For Arent, the exercise also clarified something less tangible. “There’s a part of design that’s very non-intellectual,” she says. “It’s intuitive. Having to talk about it was valuable because it gave us language for what we do. It means we can share that with the team and with clients in a more structured way.”
Their instinct for harmony extends beyond materials to the collaborators they bring into each project. “We’ve been building relationships with makers for a long time,” says Pyke.
Their instinct for harmony extends beyond materials to the collaborators they bring into each project.
“It’s one of the things we love most about having a broader team. Everyone brings new connections, new craftspeople, new ways of doing things.” “It’s the excitement of experimentation,” adds Arent. “When you’re working on a residence, you’re designing in real time. You’re not doing the same thing over and over. Every joinery detail, every finish… it’s thrilling to see it come to life.” That balance between signature and surprise is something they continue to navigate. “There’s obviously a thread. We can’t always see it ourselves, but it’s there.”

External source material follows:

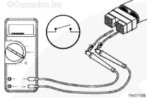 從康明斯離合器踏板位置開關(guān)接頭中拆下一個萬用表表筆,并使該表筆與底盤接地接觸。離合器踏板釋放時,萬用表必須顯示開路特征(100 千歐或更大)。如果電路閉合,更換離合器踏板位置開關(guān)。
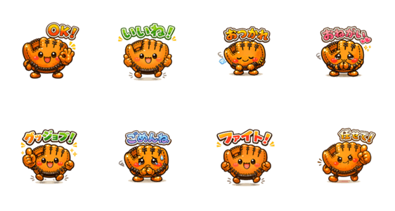 元気いっぱいのグローブくんが、毎日のトークを明るく盛り上げるスタンプです。使いやすいメッセージがたくさん!ゆるくてかわいいグローブくんと楽しく気持ちを伝えよう!

When I ask what that thread feels like, Arent pauses. “I know the things we’re not,” she says finally. “Whenever I see something very glossy or glamorous, I can appreciate it, but it’s not us.” Their projects, from heritage restorations to contemporary builds, share an understated sensuality, a quality that feels intuitive rather than aesthetic. “Spirit was always a big one for us. That idea of home being alive, something you interact with every day. It needs to nurture; it needs to have soul.”